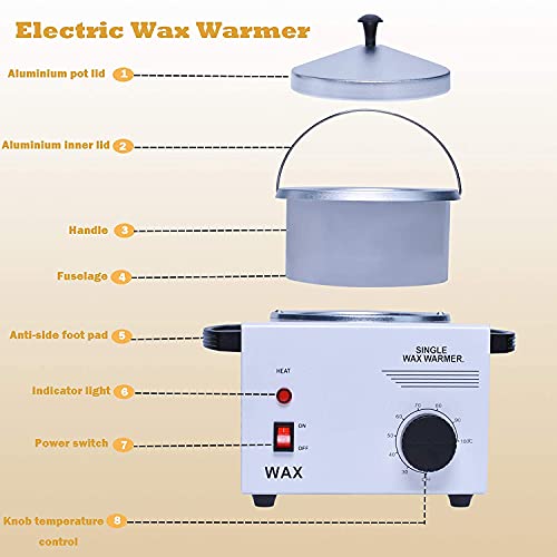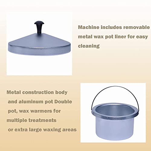- هيكل معدني ووعاء من الألومنيوم، وعاء مزدوج لتسخين الشمع لعلاجات متعددة أو مناطق إزالة الشعر بالشمع الكبيرة جدًا
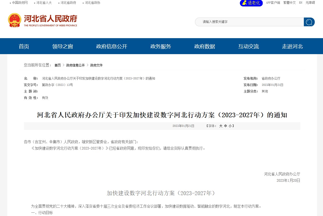 原文:河北省人民政府办公厅关于印发加快建设数字河北行动方案(2023-2027年)的通知 http://info.hebei.gov.cn/eportal/ui?pageId=6806152&articleKey=7055187&columnId=6806589
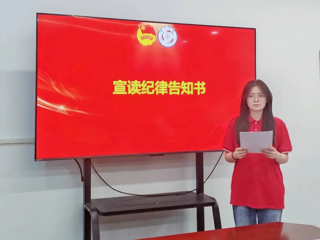 无规矩不成方圆。主持人陈婧宣读人文学院2025年暑期“三下乡”社会实践纪律告知书,从集体行动、安全行为、形象礼仪、教师职责、违纪处理五方面明确规范,确保活动有序开展。
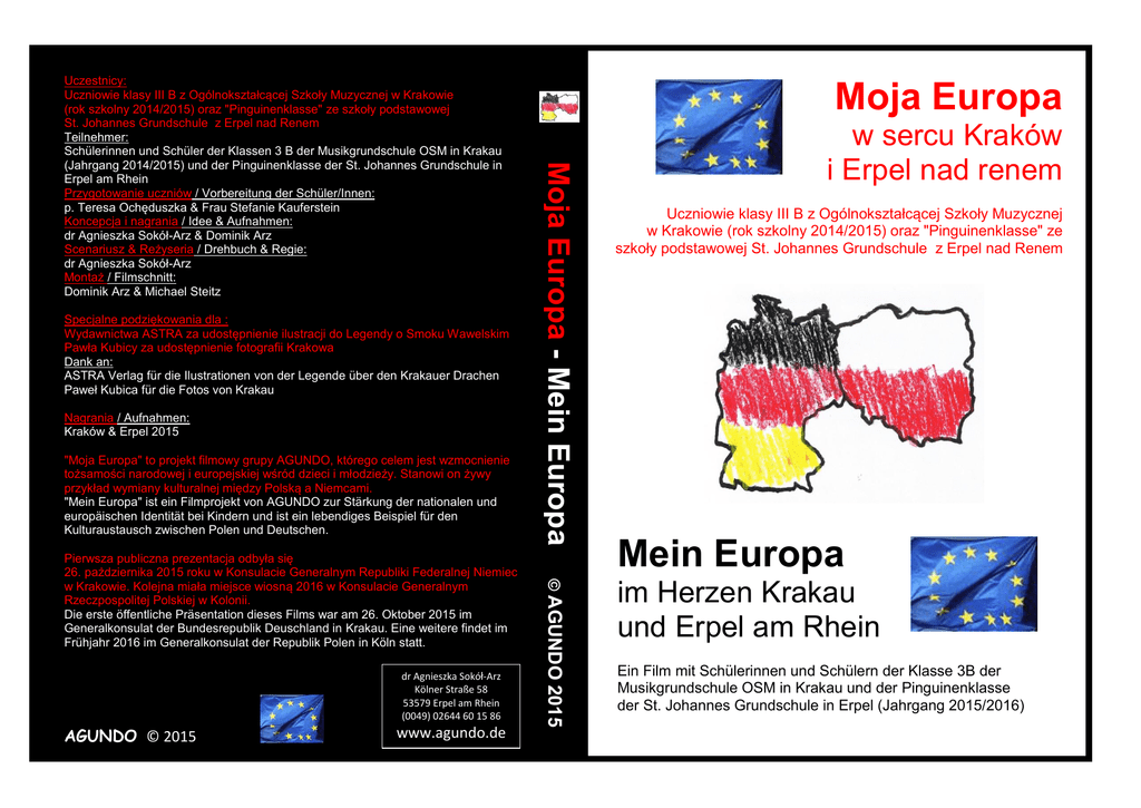 Specjalne podziękowania dla : Wydawnictwa ASTRA za udostępnienie ilustracji do Legendy o Smoku Wawelskim Pawła Kubicy za udostępnienie fotografii Krakowa Dank an: ASTRA Verlag für die Ilustrationen von der Legende über den Krakauer Drachen Paweł Kubica für die Fotos von Krakau Nagrania / Aufnahmen: Kraków & Erpel 2015 "Moja Europa" to projekt filmowy grupy AGUNDO, którego celem jest wzmocnienie tożsamości narodowej i europejskiej wśród dzieci i młodzieży. Stanowi on żywy przykład wymiany kulturalnej między Polską a Niemcami. "Mein Europa" ist ein Filmprojekt von AGUNDO zur Stärkung der nationalen und europäischen Identität bei Kindern und ist ein lebendiges Beispiel für den Kulturaustausch zwischen Polen und Deutschen. dr Agnieszka Sokół-Arz Kölner Straße 58 53579 Erpel am Rhein (0049) 02644 60 15 86 AGUNDO © 2015 www.agundo.de © AGUNDO 2015 Pierwsza publiczna prezentacja odbyła się 26. pażdziernika 2015 roku w Konsulacie Generalnym Republiki Federalnej Niemiec w Krakowie. Kolejna miała miejsce wiosną 2016 w Konsulacie Generalnym Rzeczpospolitej Polskiej w Kolonii. Die erste öffentliche Präsentation dieses Films war am 26. Oktober 2015 im Generalkonsulat der Bundesrepublik Deuschland in Krakau. Eine weitere findet im Frühjahr 2016 im Generalkonsulat der Republik Polen in Köln statt. Moja Europa Moja Europa - Mein Europa Uczestnicy: Uczniowie klasy III B z Ogólnokształcącej Szkoły Muzycznej w Krakowie (rok szkolny 2014/2015) oraz "Pinguinenklasse" ze szkoły podstawowej St. Johannes Grundschule z Erpel nad Renem Teilnehmer: Schülerinnen und Schüler der Klassen 3 B der Musikgrundschule OSM in Krakau (Jahrgang 2014/2015) und der Pinguinenklasse der St. Johannes Grundschule in Erpel am Rhein Przygotowanie uczniów / Vorbereitung der Schüler/Innen: p. Teresa Ochęduszka & Frau Stefanie Kauferstein Koncepcja i nagrania / Idee & Aufnahmen: dr Agnieszka Sokół-Arz & Dominik Arz Scenariusz & Reżyseria / Drehbuch & Regie: dr Agnieszka Sokół-Arz Montaż / Filmschnitt: Dominik Arz & Michael Steitz w sercu Kraków i Erpel nad renem Uczniowie klasy III B z Ogólnokształcącej Szkoły Muzycznej w Krakowie (rok szkolny 2014/2015) oraz "Pinguinenklasse" ze szkoły podstawowej St. Johannes Grundschule z Erpel nad Renem Mein Europa im Herzen Krakau und Erpel am Rhein Ein Film mit Schülerinnen und Schülern der Klasse 3B der Musikgrundschule OSM in Krakau und der Pinguinenklasse der St. Johannes Grundschule in Erpel (Jahrgang 2015/2016)
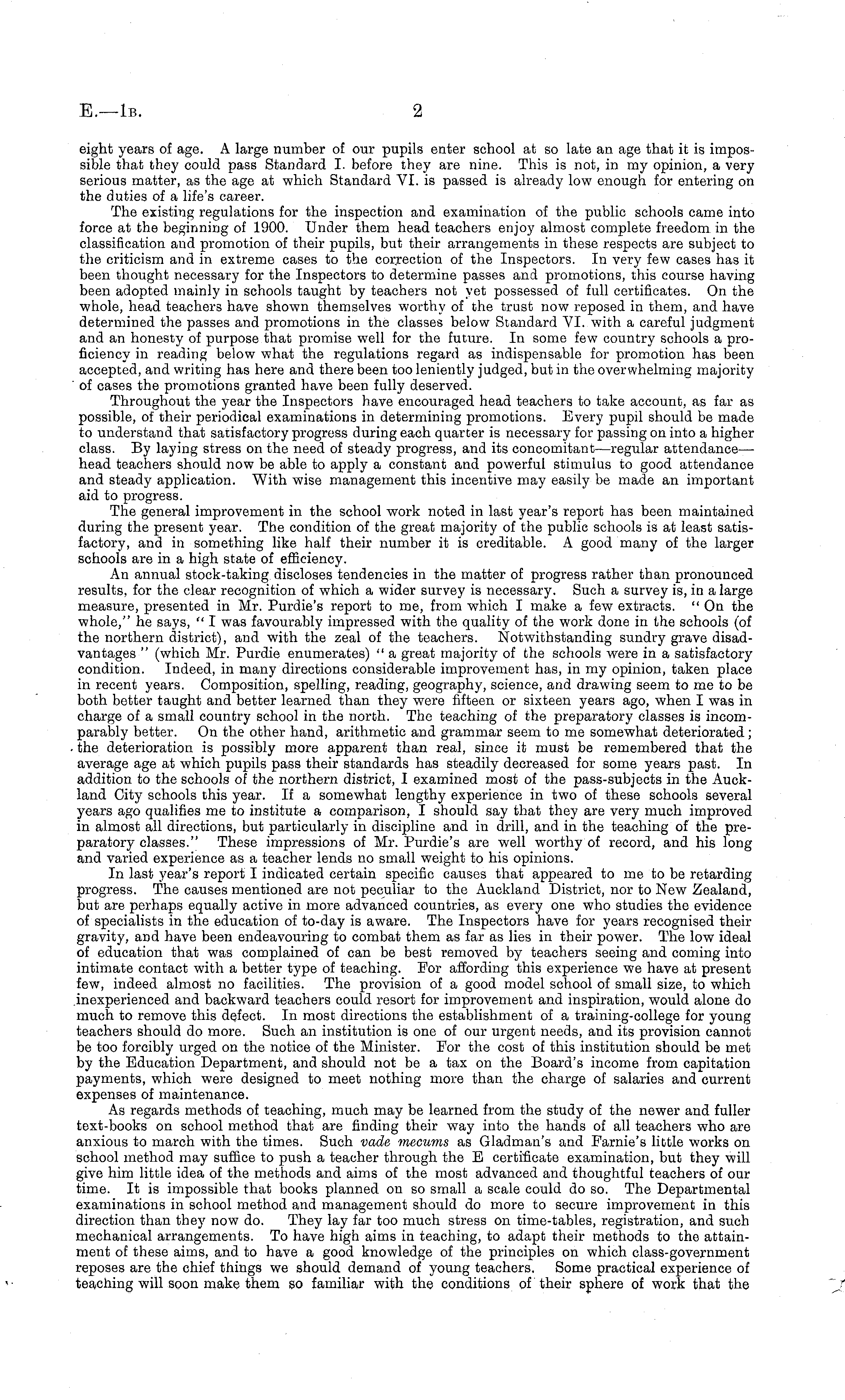 eight years of age. A large number of our pupils enter school at so late an age that it is impossible that they could pass Standard I. before they are nine. This is not, in my opinion, a very serious matter, as the age at which Standard VI. is passed is already low enough for entering on the duties of a life's career. The existing regulations for the inspection and examination of the public schools came into force at the beginning of 1900. Under them head teachers enjoy almost complete freedom in the classification and promotion of their pupils, but their arrangements in these respects are subject to the criticism and in extreme cases to the correction of the Inspectors. In very few cases has it been thought necessary for the Inspectors to determine passes and promotions, this course having been adopted mainly in schools taught by teachers not yet possessed of full certificates. On the whole, head teachers have shown themselves worthy of the trust now reposed in them, and have determined the passes and promotions in the classes below Standard VI. with a careful judgment and an honesty of purpose that promise well for the future. In some few country schools a proficiency in reading below what the regulations regard as indispensable for promotion has been accepted, and writing has here and there been too leniently judged, but in the overwhelming majority of cases the promotions granted have been fully deserved. Throughout the year the Inspectors have encouraged head teachers to take account, as far as possible, of their periodical examinations in determining promotions. Every pupil should be made to understand that satisfactory progress during each quarter is necessary for passing on into a higher class. By laying stress on the need of steady progress, and its concomitant —regular attendance— head teachers should now be able to apply a constant and powerful stimulus to good attendance and steady application. With wise management this incentive may easily be made an important aid to progress. The general improvement in the school work noted in last year's report has been maintained during the present year. The condition of the great majority of the public schools is at least satisfactory, and in something like half their number it is creditable. A good many of the larger schools are in a high state of efficiency. An annual stock-taking discloses tendencies in the matter of progress rather than pronounced results, for the clear recognition of which a wider survey is necessary. Such a survey is, in a large measure, presented in Mr. Purdie's report to me, from which I make a few extracts. "On the whole," he says, " I was favourably impressed with the quality of the work done in the schools (of the northern district), and with the zeal of the teachers. Notwithstanding sundry grave disadvantages " (which Mr. Purdie enumerates) " a great majority of the schools were in a satisfactory condition. Indeed, in many directions considerable improvement has, in my opinion, taken place in recent years. Composition, spelling, reading, geography, science, and drawing seem to me to be both better taught and better learned than they were fifteen or sixteen years ago, when I was in charge of a small country school in the north. The teaching of the preparatory classes is incomparably better. On the other hand, arithmetic and grammar seem to me somewhat deteriorated; the deterioration is possibly more apparent than real, since it must be remembered that the average age at which pupils pass their standards has steadily decreased for some years past. In addition to the schools of the northern district, I examined most of the pass-subjects in the Auckland City schools this year. If a somewhat lengthy experience in two of these schools several years ago qualifies me to institute a comparison, I should say that they are very much improved in almost all directions, but particularly in discipline and in drill, and in the teaching of the preparatory classes." These impressions of Mr. Purdie's are well worthy of record, and his long and varied experience as a teacher lends no small weight to his opinions. In last year's report I indicated certain specific causes that appeared to me to be retarding progress. The causes mentioned are not peculiar to the Auckland District, nor to New Zealand, but are perhaps equally active in more advanced countries, as every one who studies the evidence of specialists in the education of to-day is aware. The Inspectors have for years recognised their gravity, and have been endeavouring to combat them as far as lies in their power. The low ideal of education that was complained of can be best removed by teachers seeing and coming into intimate contact with a better type of teaching. For affording this experience we have at present few, indeed almost no facilities. The provision of a good model school of small size, to which inexperienced and backward teachers could resort for improvement and inspiration, would alone do much to remove this defect. In most directions the establishment of a training-college for young teachers should do more. Such an institution is one of our urgent needs, and its provision cannot be too forcibly urged on the notice of the Minister. For the cost of this institution should be met by the Education Department, and should not be a tax on the Board's income from capitation payments, which were designed to meet nothing more than the charge of salaries and current expenses of maintenance. As regards methods of teaching, much may be learned from the study of the newer and fuller text-books on school method that are finding their way into the hands of all teachers who are anxious to march with the times. Such vade mecums as Gladman's and Farnie's little works on school method may suffice to push a teacher through the E certificate examination, but they will give him little idea of the methods and aims of the most advanced and thoughtful teachers of our time. It is i
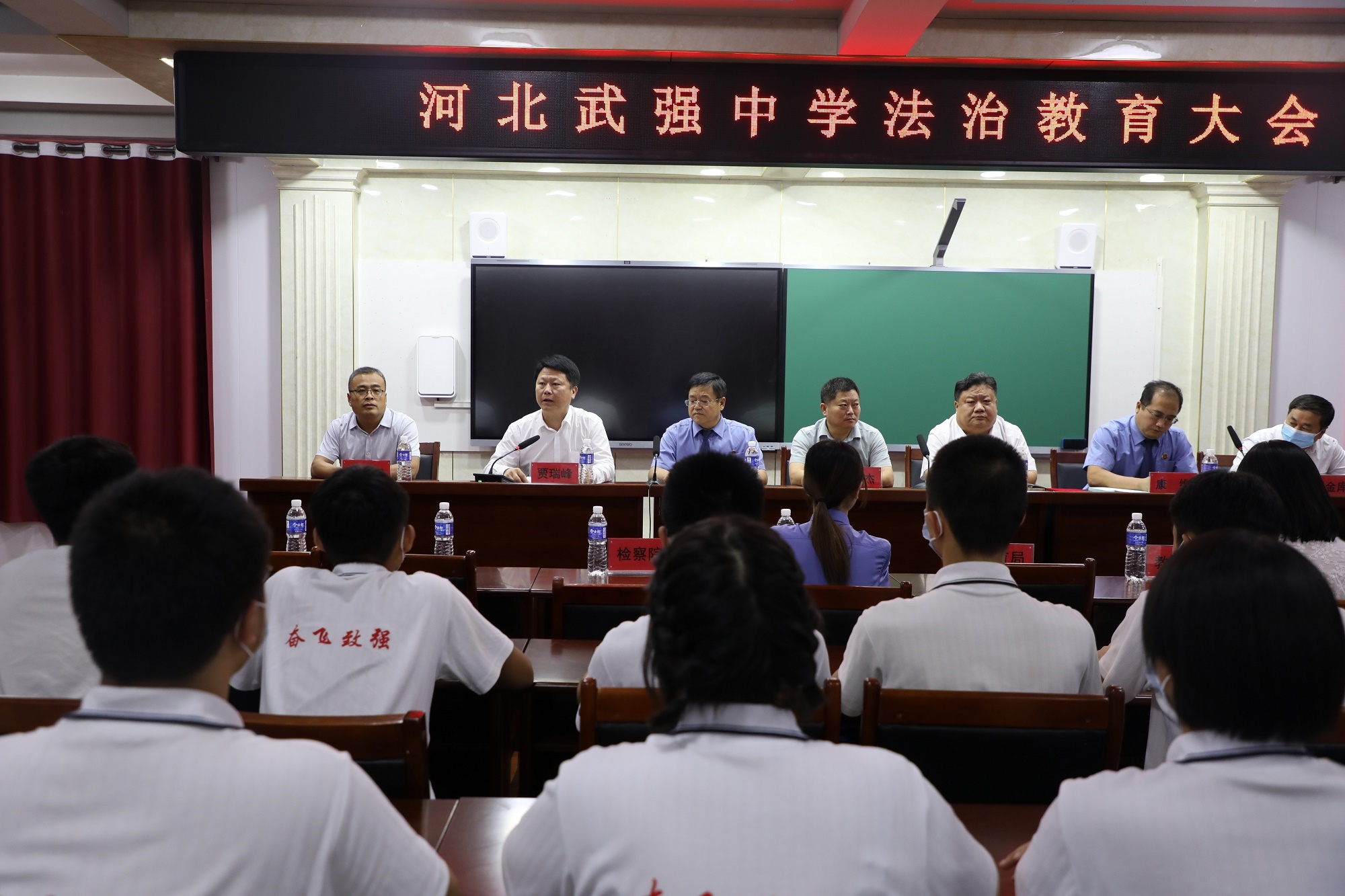活動現場,武強中學為武強縣人民檢察院黨支部書記梁國庫頒發了“法治副校長”聘書。梁國庫結合未成年人檢察工作實際,通過以案說法的方式,為同學們上了一堂生動的法治課。隨后,檢校雙方共同參觀了武強中學法治教育基地。
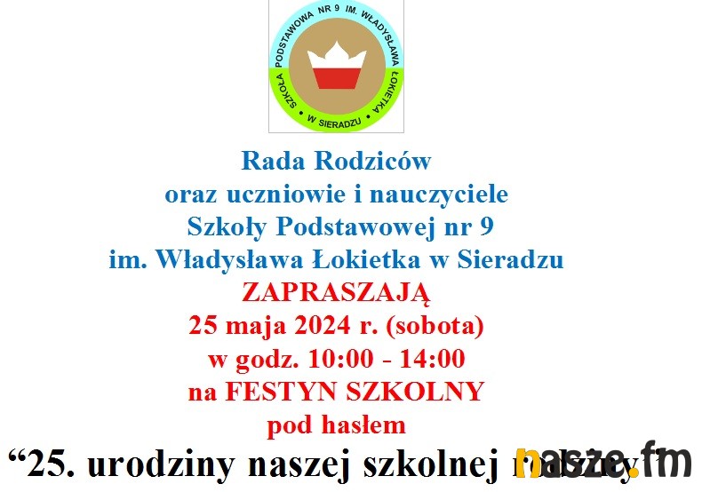 Społeczność szkolna SP nr 9 w Sieradzu zaprasza w najbliższą sobotę na Festyn Szkolny pod hasłem "25. urodziny naszej szkolnej rodziny". W programie wiele atrakcji dla starszych i młodszych. Będzie to też idealna okazja do spotkania i wspólnej zabawy dla absolwentów szkoły.

_WHAT TO WORK ON_
Beginning with the first line of the records and ending with the line that contains "无规矩不成方圆。主持人陈婧宣", reproduce every line exactly, omitting pictures and adding nothing.

_WRITTEN SOLUTION_
- هيكل معدني ووعاء من الألومنيوم، وعاء مزدوج لتسخين الشمع لعلاجات متعددة أو مناطق إزالة الشعر بالشمع الكبيرة جدًا
 原文:河北省人民政府办公厅关于印发加快建设数字河北行动方案(2023-2027年)的通知 http://info.hebei.gov.cn/eportal/ui?pageId=6806152&articleKey=7055187&columnId=6806589
 无规矩不成方圆。主持人陈婧宣读人文学院2025年暑期“三下乡”社会实践纪律告知书,从集体行动、安全行为、形象礼仪、教师职责、违纪处理五方面明确规范,确保活动有序开展。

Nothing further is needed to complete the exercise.